It wasn't just the interests of the poor, mostly African-American, citizens of Atlanta whose interests were ignored.  The city also had a terrible track record of supporting the interests of middle-class white residents, which its support for Georgia Department of Transportation plans to turn intown neighborhoods into even more expressways so all the people who moved out of the city during desegregation could come back every day to go to work.

The Washington-Rawson neighborhood was destroyed in an early round of urban renewal, and became Atlanta-Fulton County Stadium.  With little regard for the neighborhood, Turner Field was built just south of the older stadium and has adversely impacted Summerhill, Peoplestown, and Mechanicsville.  Now Mayor Reed is promising "one of the largest developments for middle-class people that the city has ever had” will replace Turner Field.

Let's just say, for purposes of discussion, that that actually happens.  What happens to the people who've lived in the area, all these years, putting up with empty lots that fill up with cars on game day and traffic and the asphalt sea that is Turner Field and no supermarket?  Just as the city's leadership -- both elected and unelected -- have felt free to make bad decisions about other people's money, they have not shown more regard for other people's homes and lives.

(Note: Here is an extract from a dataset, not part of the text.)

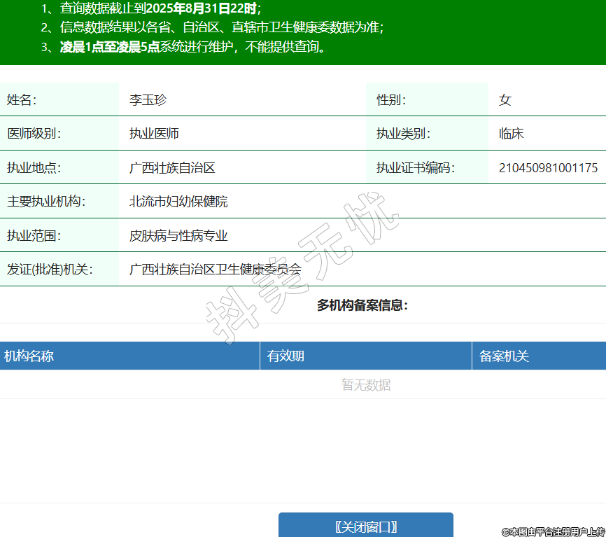 姓名:李玉珍性別:女醫(yī)師級(jí)別:執(zhí)業(yè)醫(yī)師執(zhí)業(yè)類別:臨床執(zhí)業(yè)地點(diǎn):廣西壯族自治區(qū)執(zhí)業(yè)證書編碼:210450981001175主要執(zhí)業(yè)機(jī)構(gòu):北流市婦幼保健院執(zhí)業(yè)范圍:皮膚病與性病專業(yè)發(fā)證(批準(zhǔn))機(jī)關(guān):廣西壯族自治區(qū)衛(wèi)生健康委員會(huì) -

We'll see if this time it's different.

Saturday, December 14, 2013

The History of Atlanta (Part 1): Other People's Money

On November 11, the Atlanta Braves announced that they were leaving Atlanta and moving to Cobb County.  Although I'm not a big basefall fan and have only been to Turner Field a couple of times, I couldn't believe our team -- our team! -- would abandon the city for the MARTA-refusing, car-dependent suburbs.  Baseball is an urban game.  It was just wrong.  And this lame excuse that they were moving to the I-75/I-285 area in part because of traffic?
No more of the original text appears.